Among the entries below, take the line with "5月15日,在巧家县马树镇草莓深加工厂,工人把去蒂后的草莓放入收集框。" and the line with "選擇一根拋光帶,與裝鋸條(不", and output them and every line between them exactly, with nothing else.

Data listing ::

========================================================================

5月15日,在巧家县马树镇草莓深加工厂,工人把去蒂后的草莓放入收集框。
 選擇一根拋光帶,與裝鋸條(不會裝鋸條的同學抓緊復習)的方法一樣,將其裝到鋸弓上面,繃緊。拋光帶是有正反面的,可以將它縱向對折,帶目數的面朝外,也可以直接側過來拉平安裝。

========================================================================

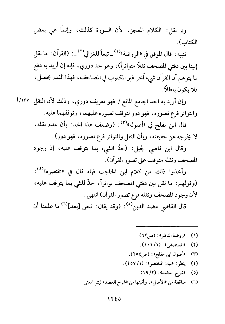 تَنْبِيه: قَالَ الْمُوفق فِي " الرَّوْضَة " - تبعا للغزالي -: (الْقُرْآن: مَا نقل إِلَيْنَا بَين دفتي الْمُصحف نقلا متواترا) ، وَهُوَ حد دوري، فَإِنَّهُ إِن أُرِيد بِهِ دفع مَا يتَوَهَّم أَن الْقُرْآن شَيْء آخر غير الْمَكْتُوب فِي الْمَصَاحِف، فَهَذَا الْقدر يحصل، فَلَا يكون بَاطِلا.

========================================================================

Solution to this task ::
5月15日,在巧家县马树镇草莓深加工厂,工人把去蒂后的草莓放入收集框。
 選擇一根拋光帶,與裝鋸條(不會裝鋸條的同學抓緊復習)的方法一樣,將其裝到鋸弓上面,繃緊。拋光帶是有正反面的,可以將它縱向對折,帶目數的面朝外,也可以直接側過來拉平安裝。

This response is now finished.